Some years past, unexpected shipping delays or customs policy changes nearly stranded time-sensitive batches. After learning the hard way, we moved to validated, temperature-controlled shipping partners with tracking against real-time alerts for temperature deviation. Now, we keep duplicate QA samples on site, matched to every invoice, for any comparison testing needed by our partners’ labs. This step solved a recurrent problem with disputed shipments, where end users flagged subtle performance shifts, allowing us to match results batch-for-batch and maintain confidence in product stability.
The ongoing struggle in plant extracts focuses on environmental and social responsibility. People expect more than purity or price. Since 2019, our company began working with local communities to ensure fair sourcing, respect for biodiversity, and active conservation of Astragalus source populations. Field technicians rotate sampling locations, document all wildcrafting events, and follow local replanting guidelines to maintain soil stability and ecological health. Lessons in working responsibly with plant populations came after early years when several fields were overharvested—now we audit all sources annually, pledging to meet not only lab standards, but also environmental criteria expected in today’s market.
Our interaction with clients continues to shape how Astragaloside I is produced and packaged. Early in our production, bulk packaging in large foil drums resulted in clumping and loss of material during dispensing. Direct feedback from a leading academic customer led us to test and switch entirely to nitrogen-sealed, small-batch pouches. These innovations not only preserved integrity, but also improved reproducibility in downstream application, a breakthrough we later adopted for all high-value saponin products.
Each change in our lab—from updated filtration techniques to new spectral analysis methods—originated in response to customer needs. We have worked on collaborative R&D projects, including custom derivatives, semi-synthetic modifications, and targeted solubility enhancements. The back-and-forth helps us stay ahead of market needs, anticipate application obstacles, and innovate beyond standard offerings.
Astragaloside I stands as more than a compound—its production, quality, and use exemplify how trusted products come from applied experience, detailed protocols, and real-world problem solving. Our team’s careful attention to process, from source authentication, multi-stage extraction, through stringent analysis, brings peace of mind to researchers, formulators, and industry partners who rely on uncompromised chemical quality. Every innovation in packaging, documentation, and regulation compliance rests on decades of lessons learned in the field and lab, always refined by dialogue with those who depend upon us for their scientific and commercial progress.
Feedback remains essential.
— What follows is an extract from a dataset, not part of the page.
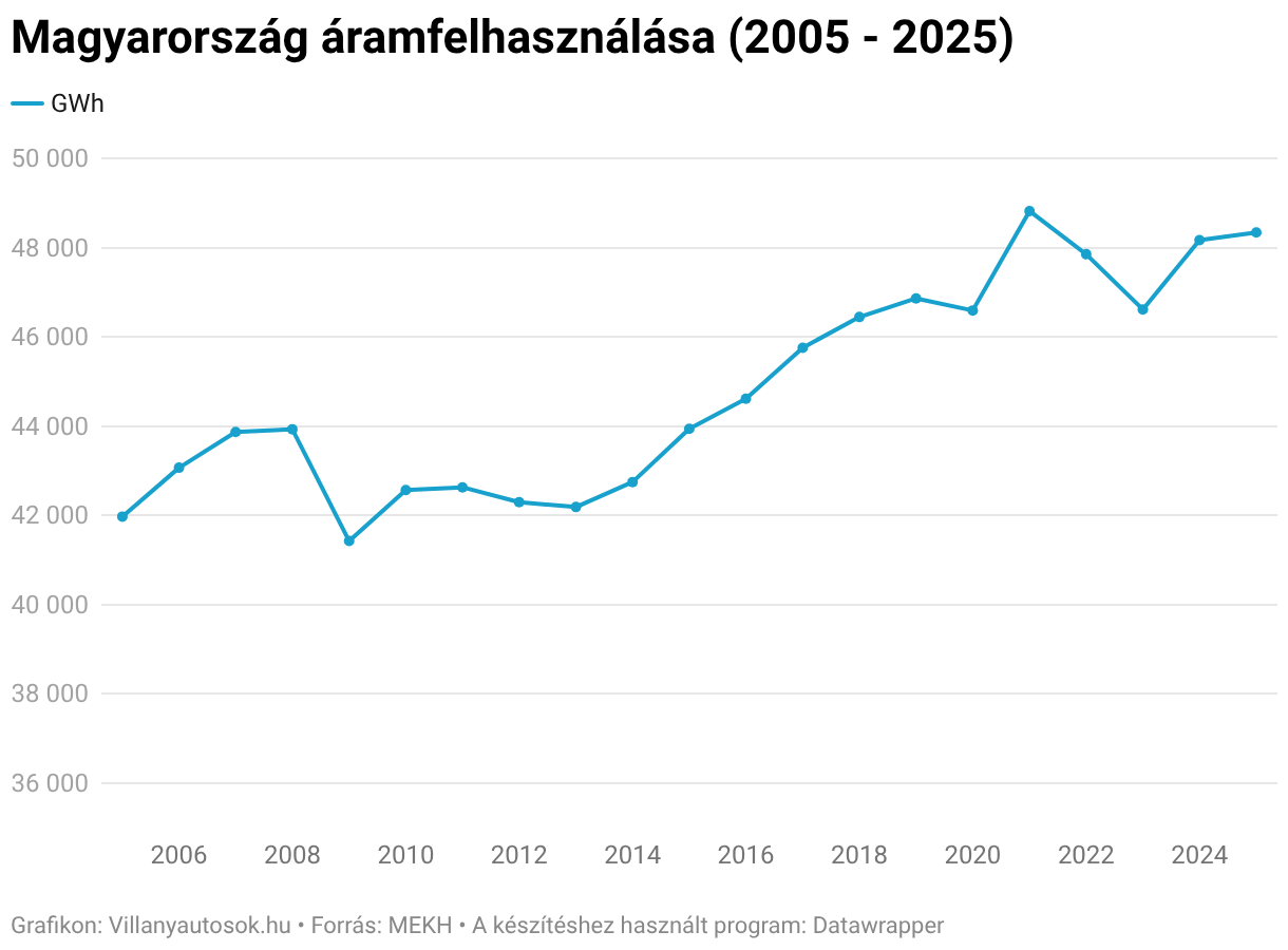 Magyarország áramfelhasználása (2005 - 2025)
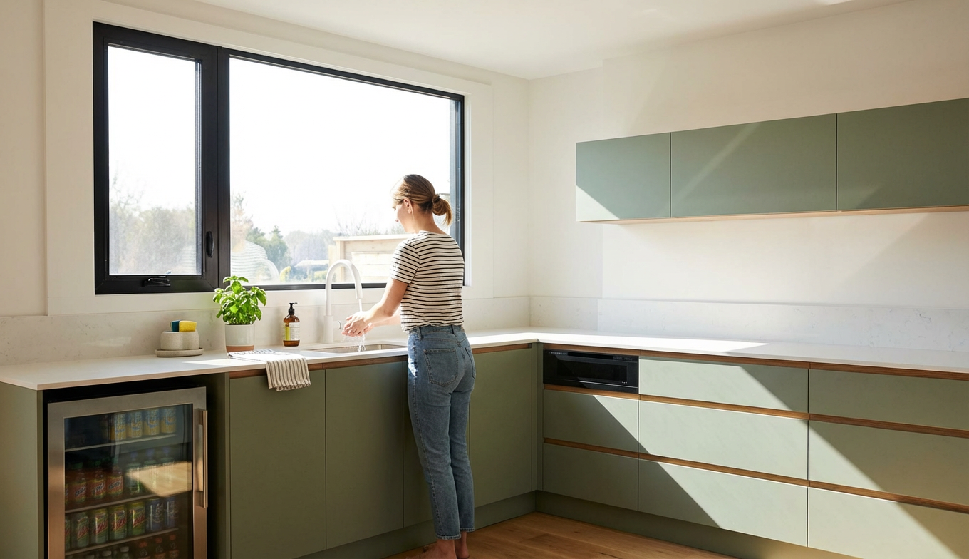 photorealistic enhancement of the provided architectural render preserve the exact architecture layout materials furniture placement and fixtures from the original image with no redesign or modifications the purpose is only to improve realism and lighting quality render as high end interior photography using a full frame camera with a 24 35mm architectural lens balanced exposure realistic dynamic range subtle depth of field and natural color grading the image should look like a professionally photographed luxury interior rather than a computer render soft natural daylight diffused window light global illumination balanced exposure do not change architecture do not change materials no redesign no new objects no additional lights no glowing fixtures no light from shower heads or faucets no dramatic shadows no surreal lighting no warped geometry no stylization turn the chandelier light on

Whether a major pharmaceutical run or the first batch sent to a new research group, we prioritize open channels, self-auditing, and honest response to evolving needs. Growth in Astragaloside I’s reputation has mirrored improvements in traceability, consistency, and transparency. Ongoing partnership with growers, regulators, and international clients ensures future production adapts to shifting regulations, environmental realities, and cutting-edge scientific application.
Astragaloside I’s story stands rooted in continuous effort and knowledge exchange. Customers, researchers, and partners shape every decision, challenging us to improve—not just year by year, but batch by batch. True reliability, learned from years on the production floor, remains the quality most valued by those who choose to work with us.